The finale is a wonderfully confident achievement, fusing Haydn’s wit with Beethoven’s newly won breadth and grandeur. The rondo style of the principal theme—a pick‑up tossed off in the upper instruments to be answered with a sullen growl lower down—forecasts wit, especially when Beethoven uses that little pick‑up to mislead the ear. But the real breadth appears at the end, when a quiet, lyrical idea that has passed almost unnoticed as the transition between first and second themes now takes on an unexpectedly potent force and generates an enormous coda with a whole new development section, in which the measured tremolo of the strings, heard here and there throughout the symphony, returns with a fortissimo on the same C‑natural that had upset the course of the home tonic back in the first movement. From here on, the reaffirmation of that firm tonic is the main order of business, to bring the chain of events to a close.

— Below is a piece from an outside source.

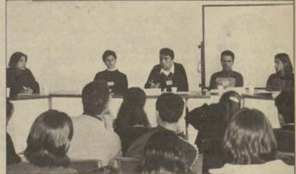
Türkiye üzerine denemeler konulu oturumdan bir görüntü

The size of the last movement and the extended coda clearly unsettled the critic for the Zeitung für die elegante Welt (“Newspaper for the elegant world”), who wrote after the first performance: “Beethoven’s Second Symphony is a crass monster, a hideously writhing wounded dragon that refuses to expire, and though bleeding in the Finale, furiously beats about with its tail erect.” One wonders what he thought of Beethoven’s ensuing works.
Basil Lam has noted acutely, apropos of this symphony, “In view of such music as this, let us not lapse into the still received opinion that Beethoven, after writing two promising symphonies, began to brood on Napoleon and found himself great with the Eroica.” Beethoven’s sense of proportion—which allows him to achieve the greatest effects with the simplest and most abstract materials—is already fully in operation with the Second Symphony. While the ways of genius are wondrously strange and no one lacking the advantage of hindsight could predict the extraordinary growth that was to come in the Third Symphony, it would not only be unfair to characterize Beethoven’s Second as simply an “early work,” or as “complacently formal,” it would be downright foolish.